North American rail traffic fell 3.3% last week, as weakness in the U.S. manufacturing sector continues to weigh on volumes, data from the Association of American Railroads showed.

Carload volume and intermodal traffic for the week ended Aug. 31 on 12 reporting U.S., Canadian and Mexican railroads each fell 3.3%, the trade group said Wednesday.

North American rail traffic was 4.8% lower in the week ended Aug. 24. For the first 35 weeks of the year, North American volume is down 2.5%.

The AAR said U.S. rail traffic fell 4.5% last week after sliding 5.9% a week earlier. U.S. carloads fell 4.2% amid declines in eight of the 10 commodity groups tracked, while the volume of U.S. intermodal containers and trailers fell 4.9% for the week.

For the month of August, U.S. rail traffic fell 5%, marking the seventh straight month of declines for both carloads and intermodal units. U.S. rail traffic is now down 3.6% for the year to date, the AAR said.

"While the strength of the overall economy remains unclear, in the last quarter it has become much more evident that the portion of the economy which generates freight--manufacturing and goods trading--has weakened significantly," John Gray, AAR senior vice president, said of the U.S. data.

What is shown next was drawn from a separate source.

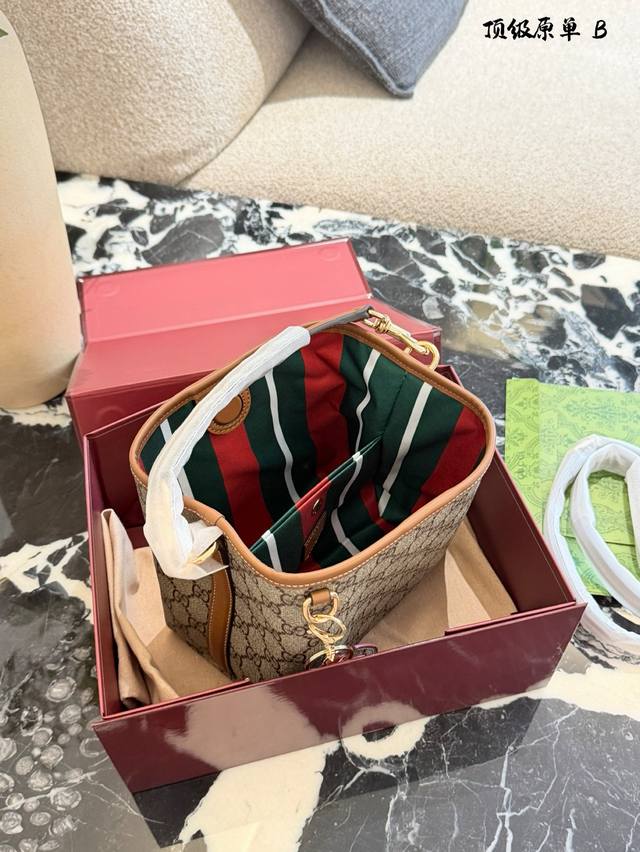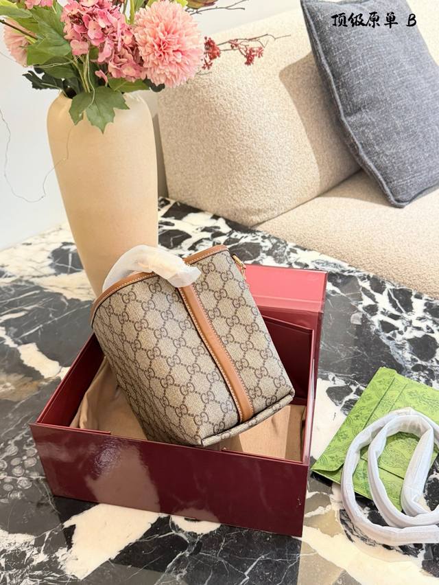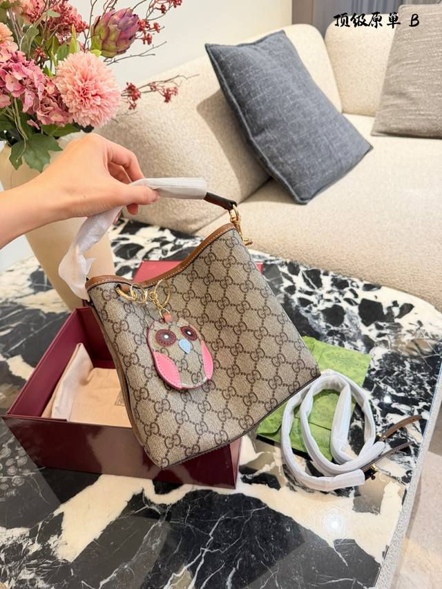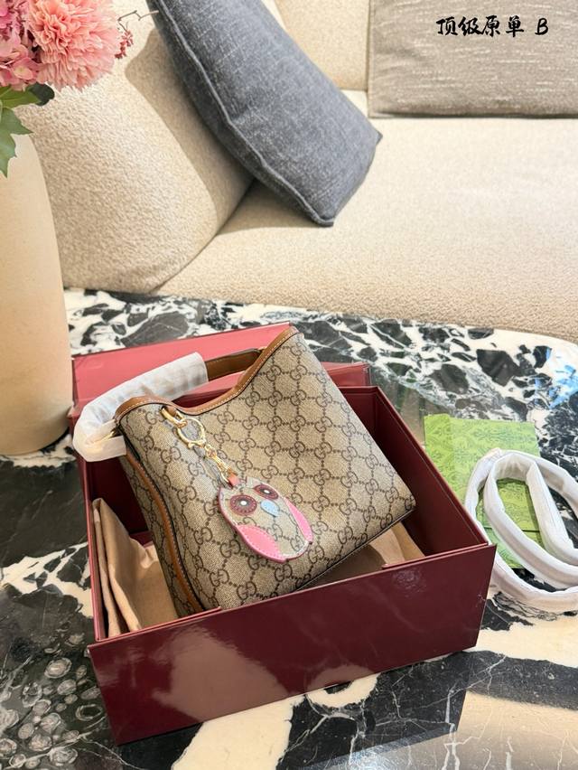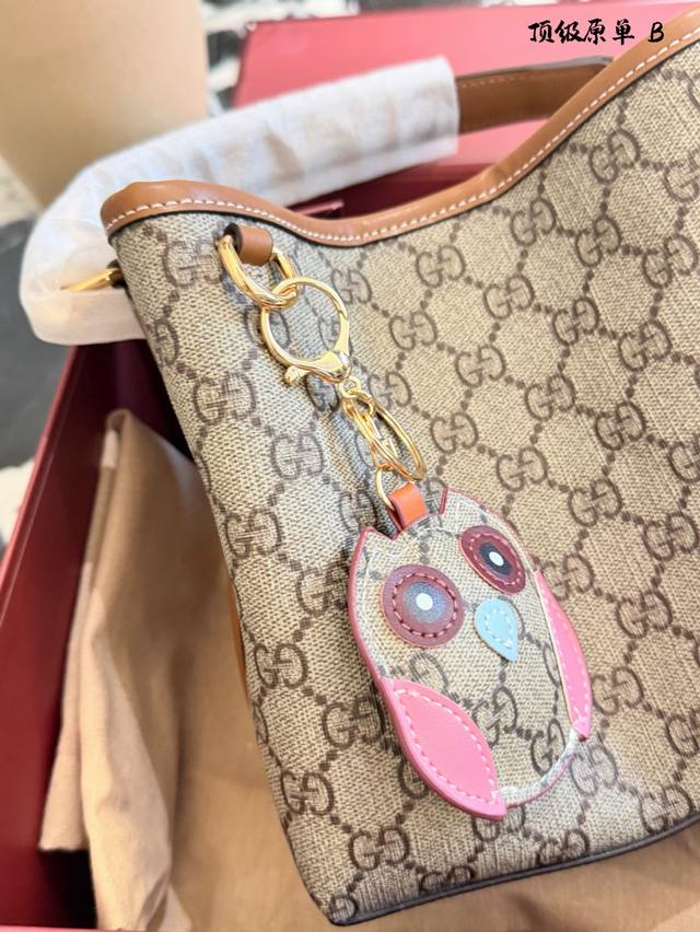 Includes keychain Ddd Gucci Gg Emblem Mini Bucket Bag DDD Gucci Gg Emblem Mini Bucket Bag, beige + dark brown Gg DDD Supreme canvas, with black leather trim and gold hardware, simple yet highly recognizable+. Dimensions approximately 20.5X18X11.5Cm, compact and lightweight, suitable for both commuting and casual occasions. DDD

"We had a similar pattern in 2016, when rail traffic was weak and the overall economy wobbled but didn't fall down," Mr. Gray added. "Railroads are hopeful that the uncertainty plaguing economies here and abroad will dissipate soon and solid economic and industrial growth will return."

Union Pacific Corp. (UNP) earlier Wednesday said it now expects its freight volumes in the second half of the year will fall in the mid-single digits, compared with a July forecast for a decline of about 2%.

Adding to the pain, Moody's Investors Service on Wednesday said it expects coal demand from utilities will drop by more than 50% by 2030, weighing on U.S. railroads. Coal is the largest freight commodity, excluding intermodal units.

"Our forecast of a more than 50% drop in coal demand from utilities by 2030 implies that coal demand would decline by about 7% per annum on average over the next 10 years, which would translate into roughly $5 billion in lost revenues for the railroads, or 5.5% of 2018 industry revenues," Moody's said.

Elsewhere in North America, the AAR said rail traffic edged up 0.3% in Canada last week, as a 2.2% rise in intermodal units more than offset a 1.3% drop in carloads.

Rail traffic slipped 0.4% in Mexico last week, the AAR said, with intermodal units and carloads both down 0.4%.

 

Write to Colin Kellaher at colin.kellaher@wsj.com

 

(END) Dow Jones Newswires

September 04, 2019 13:45 ET (17:45 GMT)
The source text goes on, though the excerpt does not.